The southern North Island has only 95ha of commercial kiwifruit, of which nearly 80ha are in or near Wanganui.
The Cooper family grow the most kiwifruit in the district - a total 47ha of vines - and the affected Pauls Rd orchard is next door to 16ha of Cooper kiwifruit.
"It could have been in the neighbour's vines last season. It could well be in our orchard ... we hope not," boss Noel Cooper said. He has been expecting the bacteria, and said it was a matter of when, not if. It has already infected 2262 New Zealand orchards - 75 per cent of the country's kiwifruit plantations.
Mr Cooper said the disease might cause small growers to pull out their vines, but his family was committed to continuing with kiwifruit.
"I don't think it's a death sentence - it's just something we have to get on top of. There's a lot of people that are surviving and it just means we have extra costs to control or keep Psa out."
He had to be philosophical.
"There's no point in crying if you are in business - there's lots of people worse off."
He said the Pauls Rd orchard had had a new owner recently, and its fruit was packed at Apata, a hot spot for the disease.
Staff members from the Apata packhouse regularly visit the orchards whose fruit they pack. Precautions are taken, but the bacteria may have reached Wanganui from Apata, via an infected bin, Mr Cooper said.
Over in Brunswick, Bruce and Diane Rhodes have about 5ha of kiwifruit that is also packed at Apata. Mrs Rhodes said they wouldn't be tearing out their vines and they had been taking preventive measures - banning vehicles from their orchard for the past year, and using preventive copper sprays.
Wanganui growers have some advantages as they fight off Psa - they don't grow the gold kiwifruit variety most susceptible to it, and most vines are on a Psa resistant Bruno rootstock. Psa arrived in New Zealand in the Bay of Plenty in 2010, and a report estimates it will cost the country between $310 million and $410 million from 2012-17.

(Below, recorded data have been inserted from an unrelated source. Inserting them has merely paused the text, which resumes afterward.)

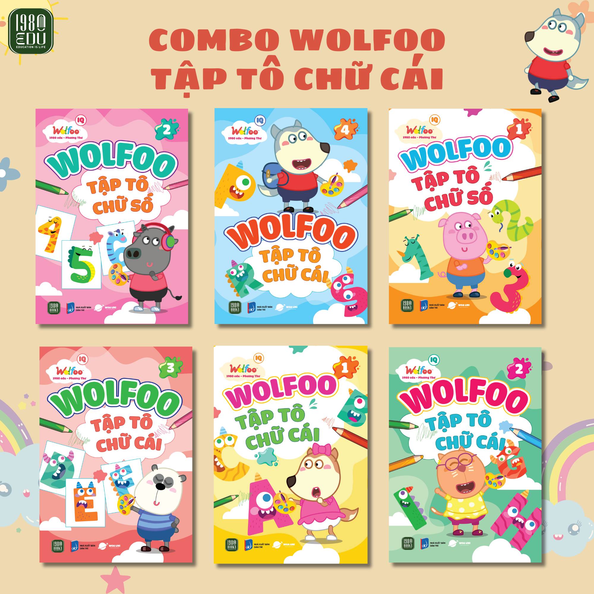 Giới thiệu sách Bộ sách Wolfoo tập tô chữ cái và chữ số bao gồm 6 cuốn giúp bé làm quen, nhận biết và tập viết 29 chữ cái tiếng Việt và chữ số từ 1 đến 10. =>Bộ sách Wolfoo Tập tô chữ cái và chữ số gồm 6 cuốn: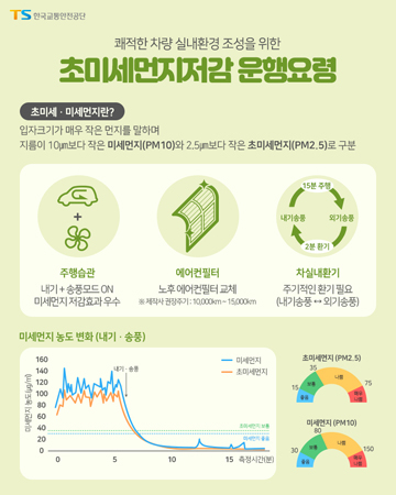 한국교통안전공단은 미세먼지(PM10) 및 초미세먼지농도(PM2.5)가 높은 봄 철, 쾌적한 차 실내환경 유지하기 위한 차량 운행 시 공조 모드별 미세먼지저감 측정결과를 8일 발표했다.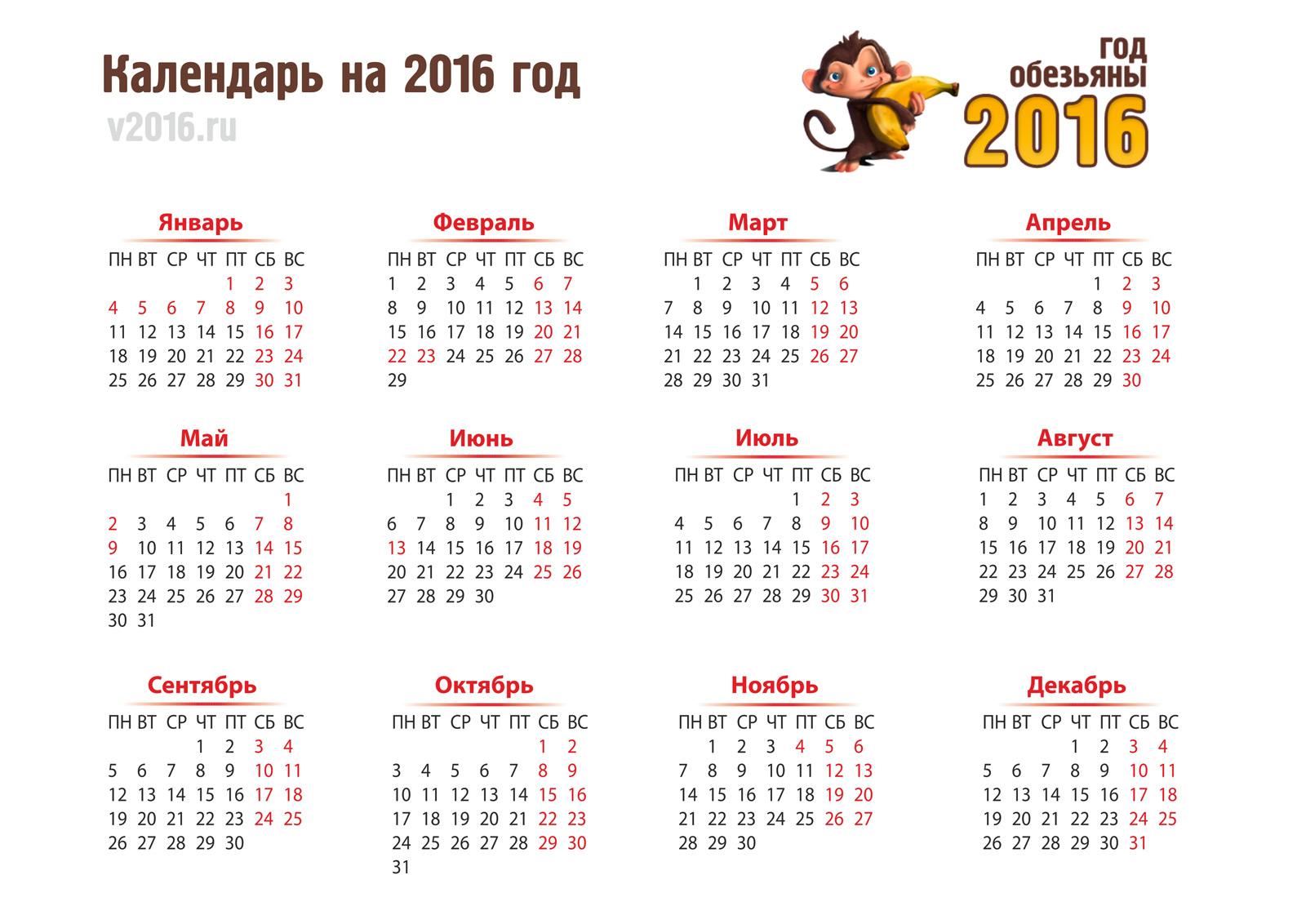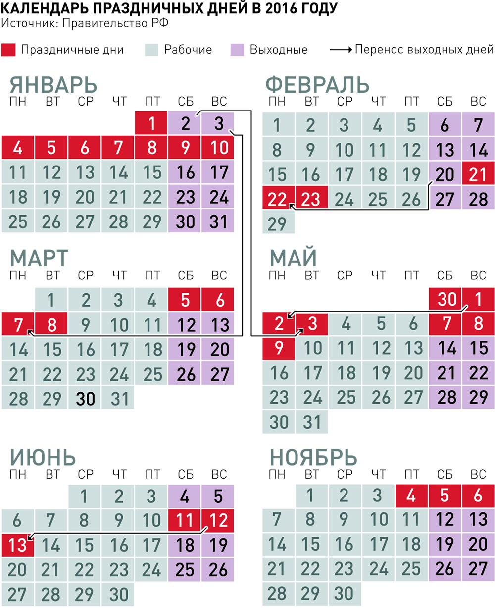 Рабочие дни 2016 год

In the three years since it arrived growers have learned a lot about how to live with it.
"The industry has developed some really good protocols. We can just jump on that bandwagon," Mr Cooper said.
The Psa bacteria affects only kiwifruit. If it grows on the outside of the plant it has no effect but when it gets inside, often through pruning cuts, it causes leaf spotting, wilting, oozing from the canes and sometimes death. The bacteria is spread by wind and weather. It can also move on people's shoes.